Currently, students take 23 subjects in high school, and many complain, like Shin Dong-il, now safely at Yonsei University, that "in high school they want us to be a superman in every field."
Lost in the stress of these endless exam preparations is education itself, critics say. While the exam that students spend years preparing for has only right and wrong answers, life is more complex. Mr. Chung, the former university president, says the system is ineffective because it doesn't create well-rounded people. Endless study sessions "lead to the negligence of all other aspects of education," like civic, moral, and emotional facets, he says.
The government hopes reforms will allow students to focus on their personal talents rather than just cramming facts. After 1997, students will be free to submit grades from only the areas they are interested in, plus a "comprehensive personal record" that includes character and leadership achievements along with scholastic aptitude.
BY encouraging specialization, perhaps not everyone will be so fixated by the big standardized exam - and the question of its fairness. To ensure the most pristine test-taking conditions on the hallowed day last month, business hours were delayed an hour to clear roads for students, buses and trains moved slowly near testing areas, and during the listening comprehension section, airplanes didn't take off or land.
To ensure secrecy of what was in the test, the 175 teachers commissioned to write it were confined to a hotel for a month with the first-floor windows papered over and barbed wire strung around the base.

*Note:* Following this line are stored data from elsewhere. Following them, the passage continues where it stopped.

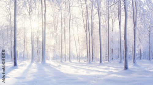 Frozen Serenity - Ultra-Detailed Image of Tranquil Winter Morning in Ice Age Forest with Sunlight Filtering Through Trees and Illuminating Snow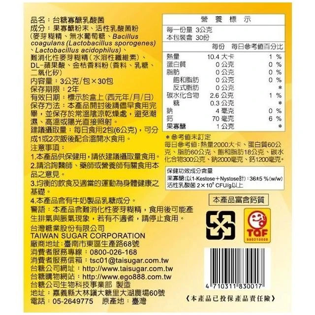 台糖益生菌 寡醣乳酸菌 衛署健食字第A00172號 促進腸道蠕動 盒裝/30包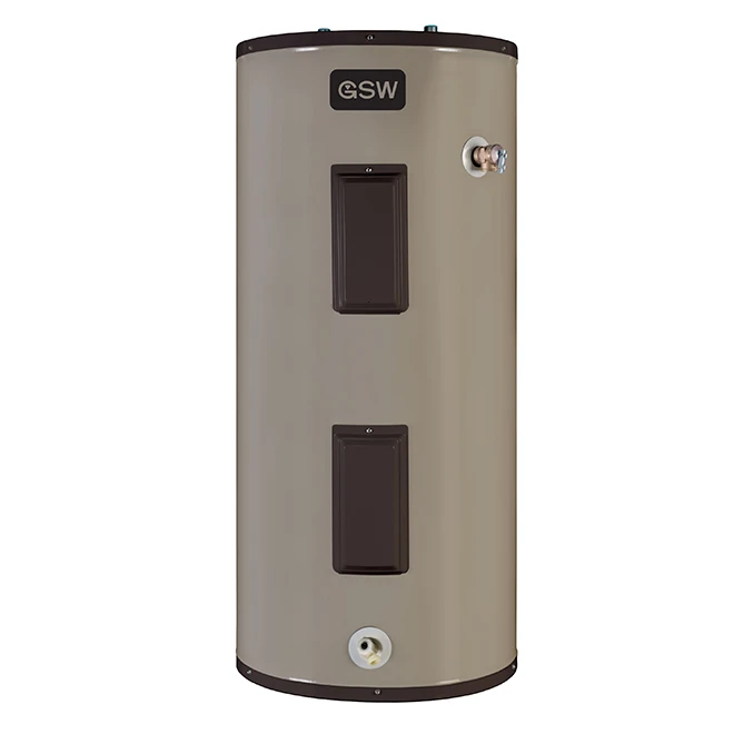Install this GSW electric water heater in your home for reliable, efficient water heating. This 40-gallon electric water heater features a pre-installed temperature and pressure relief valve for smooth performance. Its glass-lined tank with a magnesium anode provides a longer tank life, and its adjustable thermostat ensures an optimal temperature.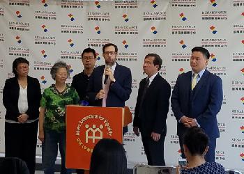 在新聞發佈會上(圖),金兌錫回憶起自己小時候父親開的小商業,因無法貸款,只能聯合多個商家形成借貸圈,利息高得驚人,且沒有法律保障,而移民社區裡,因為新移民信用紀錄短、啟動資金少,抗風險能力低,這樣的借貸圈比比皆是。

South Korea's education system hasn't always been like this. When it was first designed in the 1960s - a period when the country was beginning to industrialize - the government needed to educate and train as many people as quickly as possible to "staff the rapidly expanding needs of government agencies and private firms," say Lho Kyung-soo, a professor at Seoul National University.
"It wasn't a system designed to conduct deep philosophical inquiries or cutting-edge research, or for that matter produce Nobel prizewinners," says Mr. Lho.
Although South Korea now has more than 160 universities and plans to boost education spending to 5 percent of GNP by 1998, a presidential commission report on education acknowledges, "It is a mere fantasy to expect Korean society to produce a prodigious scientist like Newton, a gifted artist like Picasso, a prominent inventor like Edison ... under the present system."
The biggest challenge to reform may be convincing parents that a variety of career paths can lead to a good life. Today's fixation with entering a few top schools is partly rooted in the tradition of state civil service exams administered for centuries here and in China as the only way to climb to a higher social class.
Korean parents are interested in "the name value of the universities, not the quality of the education, and just regard education as a path to social success and status," says Sung Bin-ko, a research fellow.
Park Jeong-min, a young mother who lives in one of Seoul's many high-rise apartment complexes, echoes more liberal views.
"Most people want their kids to go to Seoul National or Ewha University, but if they have some talent to pursue, I want my children to go where they want," she says.